CREATE LOGIN [testuser_rw] WITH PASSWORD='TestM30ut', DEFAULT_DATABASE=[testdb] GO CREATE USER [testuser_rw] FOR LOGIN [testuser_rw] WITH DEFAULT_SCHEMA=[dbo] GO ALTER ROLE [db_datareader] ADD MEMBER [testuser_rw] GO ALTER ROLE [db_datawriter] ADD MEMBER [testuser_rw] GO
Finally, let’s verify that the required roles are correctly assigned.
:setvar SQLCMDMAXFIXEDTYPEWIDTH 32 :setvar SQLCMDMAXVARTYPEWIDTH 32 SELECT p1.name [user] , p2.name [role] FROM sys.database_role_members rm JOIN sys.database_principals p1 ON rm.member_principal_id = p1.principal_id JOIN sys.database_principals p2 ON rm.role_principal_id = p2.principal_id WHERE p1.name in ('testuser_rw', 'dbo') GO
Excellent, our test database is now prepared.
HelloForeachWriter
If you followed my post about using the ForeachWriter to stream data to PostgreSQL using EntityFrameworkCore, you could think that doing the same for SQL Server might just require some minor tweaks. Unfortunately, at least for now, it isn’t that straight forward.

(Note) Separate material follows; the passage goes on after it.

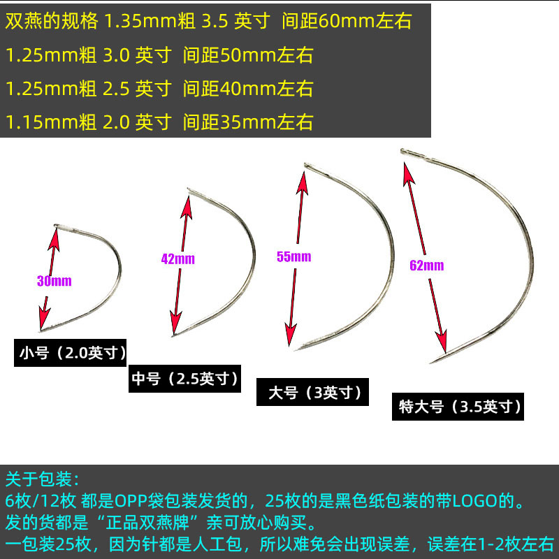 Double swallow small number 2 0 inch curved needle 25 Double swallow medium No. 2 5 inch Bent Needle 25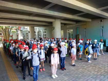 3年生が芦花公園へ遠足に行きます。とてもよい天気です。

I am not going through all the code again, but just describe what it takes to get it work with MSSQL.
There are actually just two things that need to be changed in the example project:
- Add the SqlServer provider package
- Adjust the MyContext class to work with the new provider
Add the provider package
To add the SqlServer provider package for EntityFrameworkCore, just run the following command at the root folder of the example project.
dotnet add package Microsoft.EntityFrameworkCore.SqlServer --version 3.1.8
HelloForeachWriter.csproj should now contain a related PackageReference:
Adjust MyContext.cs
There are two places in MyContext.cs that need to be adjusted. Obviously we now need to change the connection options to use SqlServer and also modify the connection string accordingly, as shown below.

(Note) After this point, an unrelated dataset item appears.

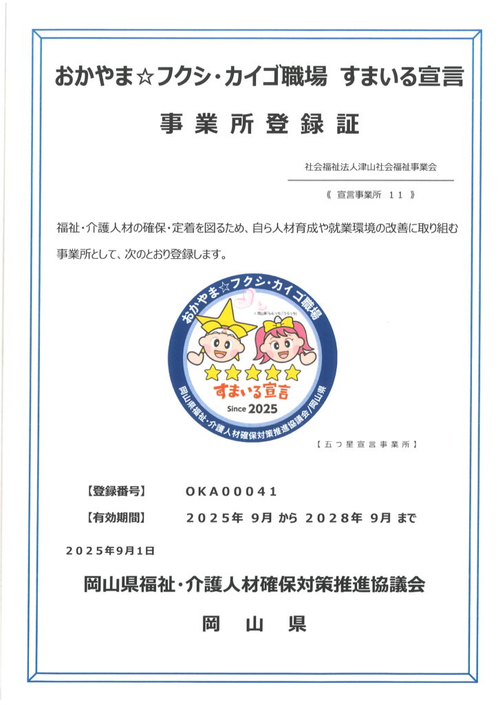 社会福祉法人 津山社会福祉事業会が「おかやま☆フクシ・カイゴ職場 すまいる宣言」事業所として登録され、このたび登録証が届きました。

protected override void OnConfiguring(DbContextOptionsBuilder optionsBuilder) => optionsBuilder.UseSqlServer("Server=192.168.10.88;Database=testdb;User Id=testuser_rw;Password=TestM30ut");
Additionally we need to adjust the type of the “mystring” column.

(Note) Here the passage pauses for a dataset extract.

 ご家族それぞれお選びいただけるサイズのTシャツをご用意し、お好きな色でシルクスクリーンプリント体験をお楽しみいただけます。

modelBuilder.Entity<MyTable>() .Property(p => p.MyString) .HasColumnName("mystring") .HasColumnType("varchar(50)");
Here is a screenshot of the updated MyContext class.
The Problem
It’s time to run HelloForeachWriter in debug mode for the first time now.
Therefore, I first build the project and then change into the related debug directory in order to submit it to spark via:
spark-submit --class org.apache.spark.deploy.dotnet.DotnetRunner --master local microsoft-spark-2.4.x-0.12.1.jar debug
After that, I can start the application in debug mode.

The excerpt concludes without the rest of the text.